Getting a Better Loan by Negotiating
Even when you compare different mortgage lenders, you still want to get the best deal on your loan. In order to do this, you should negotiate a better interest rate and the closing costs. You shouldn’t be afraid to ask the lender or broker to waive or reduce fees or to agree to a few points or a lower interest rate. If you are doing this, you want to make sure that your lender isn’t lowering one fee but raising another one. You will have nothing to lose by asking a lender if you will get better terms or to compete with the terms you found through other lenders. Some charges that can’t be negotiated include government recording fees, the appraisal fee, the charge for your credit report, and the transfer fee.

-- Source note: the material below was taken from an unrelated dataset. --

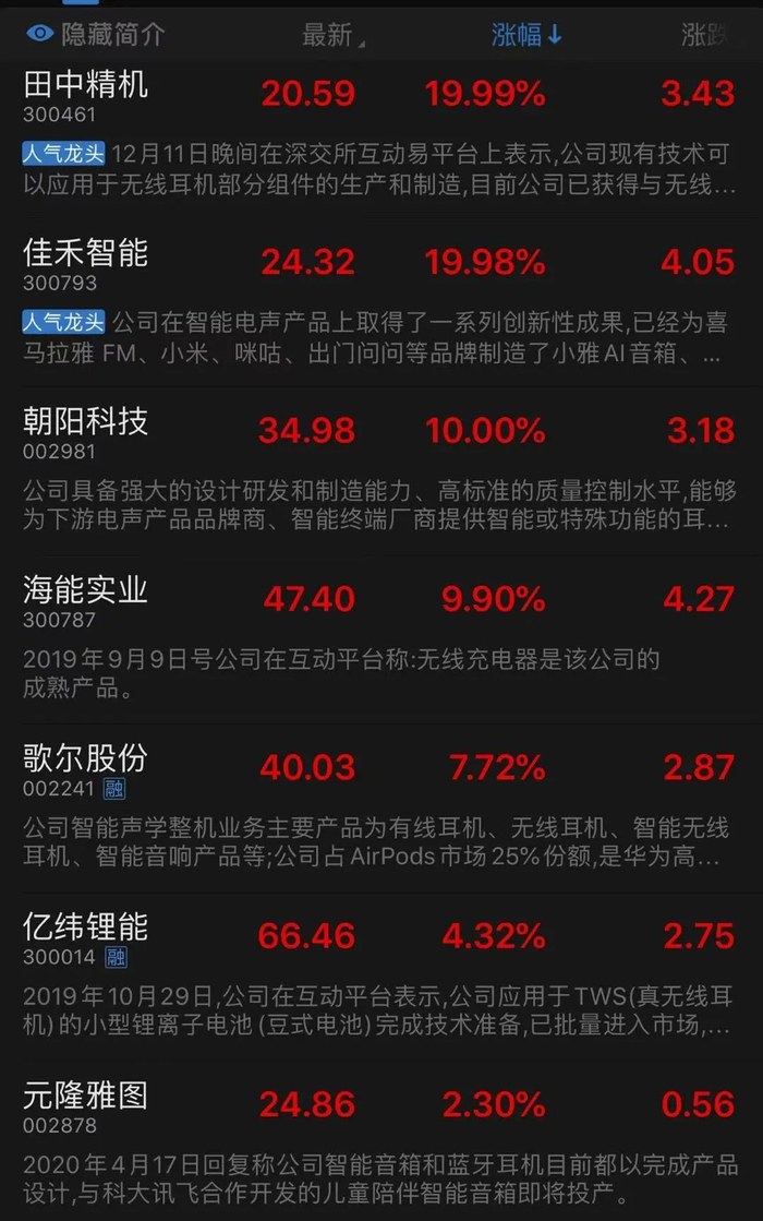 个股方面,佳禾智能、田中精机等个股均涨逾10%,千亿市值龙头股歌尔股份涨逾7%。

What Should You Do If You Have Bad Credit
If you have bad credit, it’s even more important to compare different mortgage lenders. However, you really only have two choices. You can wait to buy a home and work on improving your score or you will pay more for your mortgage. Your credit score and credit history are the two indicators to lenders of your worthiness to get a loan. If you have bad credit then you are more riskier. If you are riskier, you can expect to pay more on your mortgage.
Tips for Finding the Best Mortgage Lenders
When you are going to compare different mortgage lenders, you need to know how to find the best lender for you.
1. Get Your Credit Score in Shape
You can compare different mortgage lenders all you want. But your home buying process will go much smoother if you get your credit score in the best shape you can before you begin. Not everyone will qualify for a home. You will need to meet income and credit criteria to show the mortgage lender you are able to repay the loan.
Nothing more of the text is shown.